1. kleene-closure

Hello, I stuck with this exercise

The kleene-closure of an Language L ist the smallest language, which contines L as subset and the empty word as an element and which is closend under concatenation. I have to profe by solving a-e

a) L $\subseteq$ L*
b) L* $\cdot$ L* $\subseteq$ L*
c) For every L' (over same Alphabet like L) with L $\subseteq$ L' , $\epsilon$ $\in$ L' and L' $\cdot$ L' $\subseteq$ L' obtains L* $\subseteq$ L'.

I think I solved a) by showing

L = {w1 | w1 $\in$ L} L*={w1,.....,wn | n $\in$ N, $w_i$ $\in$ L for all i = 1....n}

=> w1 $\in$ L and w1 $\in$L* => L $\subseteq$L*

b) and c) I stuck and any help will be appreciated

2. Re: kleene-closure

Originally Posted by suslik
b) L* $\cdot$ L* $\subseteq$ L*
Suppose $w\in L^*\cdot L^*$. Then $w=uv$ for some $u, v\in L^*$, i.e., u and v are concatenations of words from L. What can you way about uv?

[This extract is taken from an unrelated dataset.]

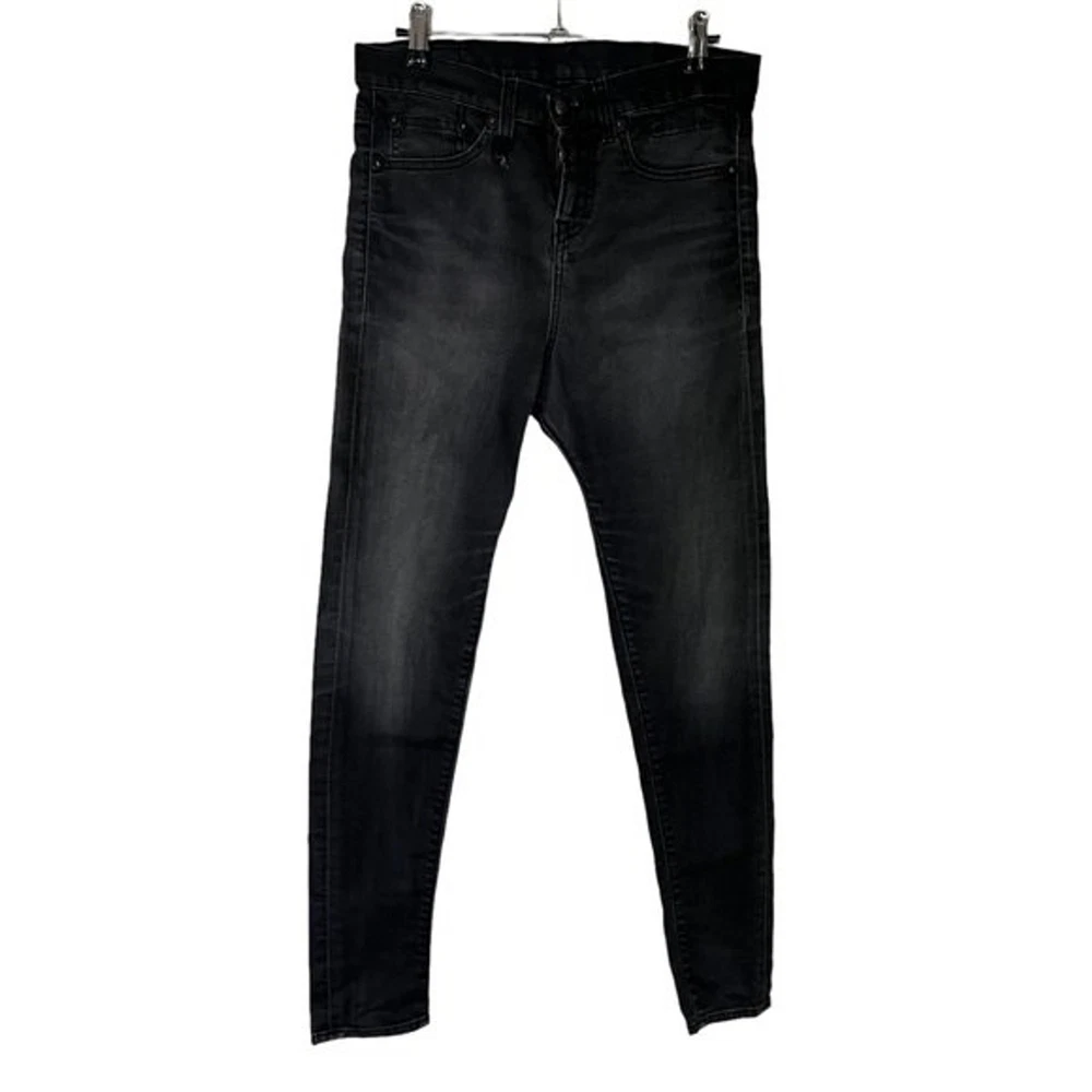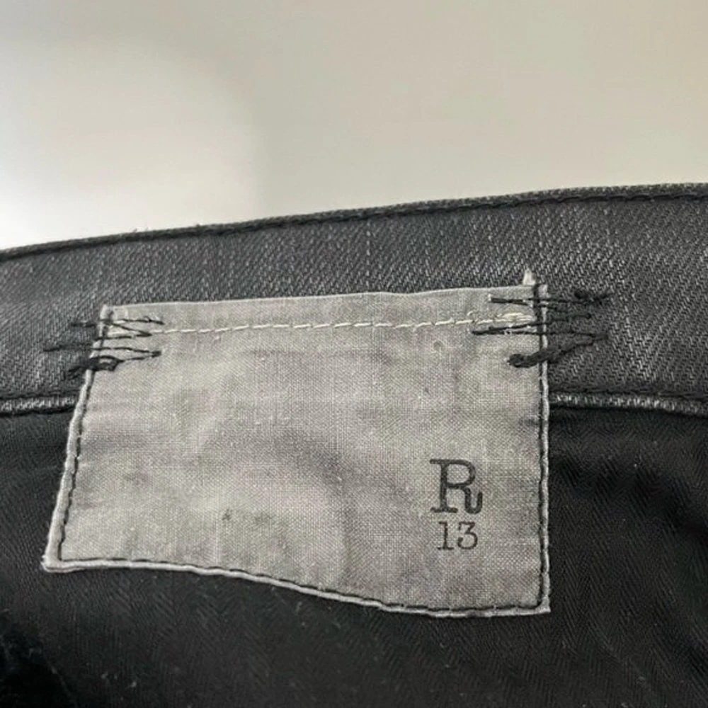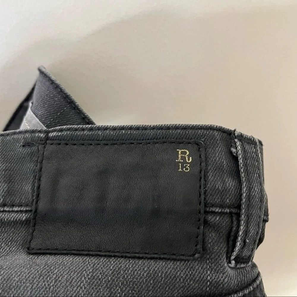 R13 Women's The Drop Dusty Black High Rise Skinny Ankle Jeans Size 25 Fabric: Stretch denim Drop crotch and cropped profile Single-button closure and zip fly 5-pocket styling Approximate Measurements taken flat: waist 15, rise 12, inseam 27 Pre-owned; in excellent condition. No rips, stains or holes. Minor wash wear- noticeable from color transfer on interior tags/labels. Please see all photos for condition details.

Originally Posted by suslik
c) For every L' (over same Alphabet like L) with L $\subseteq$ L' , $\epsilon$ $\in$ L' and L' $\cdot$ L' $\subseteq$ L' obtains L* $\subseteq$ L'.
The definition of $L^*$ says that it is the smallest language satisfying these properties.

3. Re: kleene-closure

Perhaps that uv is already in L* because every concatenation of L is already in L* ?

4. Re: kleene-closure

Yes, if u and v are concatenations of words in L, then so is uv, and therefore it is in L*.